A Merlin engine built to power Space Exploration Technologies' Falcon rockets undergoes test firing in McGregor, Texas.
Photo: Thom Rogers/Space Exploration Technologies** View Slideshow SpaceShipOne, designed by Burt Rutan and built by his company, Scaled Composites, broke the government monopoly on human spaceflight in 2004 and won the $10 million Ansari X Prize in the process.
Below is an excerpt describing that winning flight from Wired News reporter Michael Belfiore's new book, Rocketeers: How a Visionary Band of Business Leaders, Engineers and Pilots Is Boldly Privatizing Space, © 2007 by Michael Belfiore. Reprinted by permission of Smithsonian Books/Collins, an imprint of HarperCollins Publishers.
The final X Prize flight, X2, carried the highest stakes of any SpaceShipOne flight. Far more rode on it than the $10 million prize. Rutan wanted to start the first commercial spaceline, and the means with which to do it lay almost within his grasp. Richard Branson waited with pen poised over checkbook to give him the capital to build a fleet of passenger spaceships for his newly formed Virgin Galactic.

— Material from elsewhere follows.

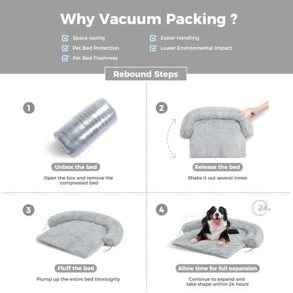 [Innovative Modular Design]: This dog bed can be adapted as your pet grows. 1 Roll it up into a snug donut bed for a small puppy, and 2 unfold it into a spacious sofa bed as your dog grows. 3 Expandable for Large Dogs: For grown dogs or for Human+2 dogs, simply purchase another unit and splice them together to create a super large kennel, providing ample space for your pet's comfort.

Gallery: Inside the Rocketeers’ Rides
Accidents Won't Stop Private Space Industry's Push to Final Frontier
But wealthy space tourists weren't going to fork over $190,000 to ride a twitchy experimental spaceship with an unfortunate propensity for flying off course, spinning while traveling faster than a rifle bullet, or cracking up on landing. To seal the deal on a new space age and win development money from Branson on top of the $10 million X Prize, SpaceShipOne had to demonstrate something it had never done before: that it was capable of a perfect spaceflight, one that would give passengers the thrill of a lifetime without scaring the hell out of them.
Pilot Brian Binnie didn't sleep much the night before the flight, and as early as his preflight briefing was, at 4:30 a.m., it couldn't have come soon enough for him. He got to the Scaled hangar at 4:00.
At dawn on Monday, October 4, 2004, the White Knight, with Mike Melvill at the controls and SpaceShipOne project engineer Matt Steinmetz in the back seat and the spaceship hooked to its belly with Binnie inside, taxied down the flight line. Once again Binnie was awed by the number of people who had turned out to see SpaceShipOne scratch the sky. But this was the first time he'd seen the crowds from the cockpit of SpaceShipOne. "I hope I have a good day," he thought, "because there are an awful lot of people there!"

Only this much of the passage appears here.